Streaming the generation step, where tokens are sent to the user as they are produced rather than waiting for the complete response, significantly improves perceived latency. Users see the first words within a second even when the full response takes several seconds to complete. Most production RAG deployments use streaming for this reason.
Common Failure Points in the Pipeline
Understanding where RAG pipelines fail helps teams prioritize their optimization efforts. The most common failure point is retrieval: the system simply does not find the relevant documents. This happens when the embedding model does not capture domain-specific terminology, when chunking splits critical information across boundaries, or when the knowledge base is missing the information entirely. Retrieval failures are insidious because the generator will still produce a response, just one based on irrelevant context.
The second most common failure is context misuse, where the retriever finds the right documents but the generator ignores them or misinterprets them. This happens more frequently with smaller models that have weaker instruction-following abilities, or when the system prompt does not clearly instruct the model to prioritize retrieved context over its training knowledge. Stronger models and explicit prompting reduce this failure mode significantly.
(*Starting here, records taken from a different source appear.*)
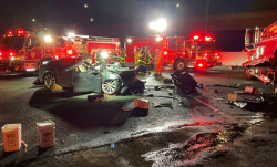 WALNUT CREEK, Calif. (AP) — Fire officials in Northern California say a Tesla driver was killed and a passenger was critically injured when the car plowed into a firetruck that was parked on a freeway. The Contra Costa County Fire Protection District says four firefighters suffered minor injuries when the truck was hit early Saturday morning. The ladder truck had been blocking lanes on Interstate 680 to help clear an earlier accident that did not involve injuries. Assistant Chief Tracie Dutter says the Tesla driver was declared dead at the scene. The passenger was hospitalized. Photos showed the front end of the car was crushed and the $1.4 million ladder truck was damaged.
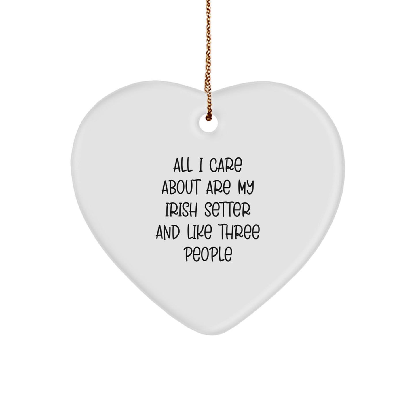 - Bring a touch of Irish Setter love to your holiday decor with this 'All I Care About Are My Irish Setter And Like Three People' heart ornament. Handcrafted from durable MDF with a high-gloss plastic finish, it's designed to withstand the rigors of daily use. Vibrant colors and crisp edges ensure a premium look that's sure to impress.
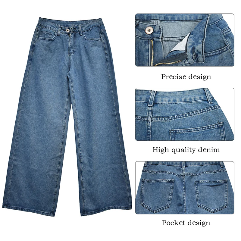Женские джинсы с высокой талией, джинсовая одежда с широкими штанин...
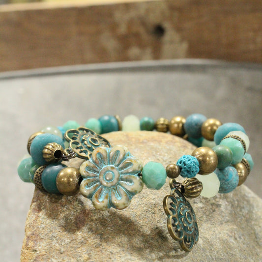 Dying Over Druzy Stone & Czech Flower Wrap Bracelet
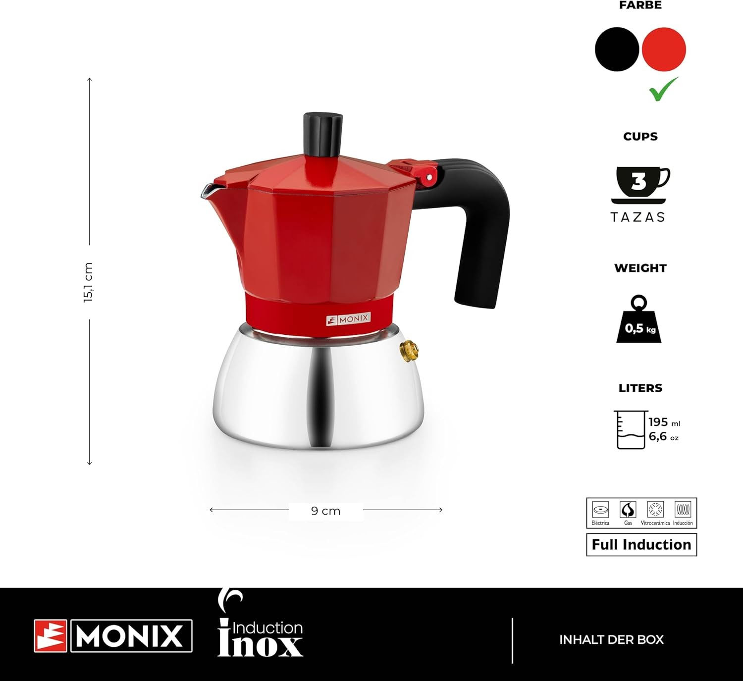 Кафемашина Moka, произведена от Monix, с вместимост 195 ml (3 чаши).

A third category of failure involves stale or contradictory context. When the knowledge base contains outdated documents alongside current ones, the retriever may return both, and the generator must decide which to trust. Without metadata like publication dates or version numbers attached to chunks, the model has no way to distinguish current from outdated information. Adding temporal metadata to chunks and instructing the model to prefer recent sources addresses this problem.
RAG works through a precise sequence of indexing, retrieval, context assembly, and generation. Each step has direct impact on response quality, and the most effective systems optimize each stage independently while monitoring end-to-end performance.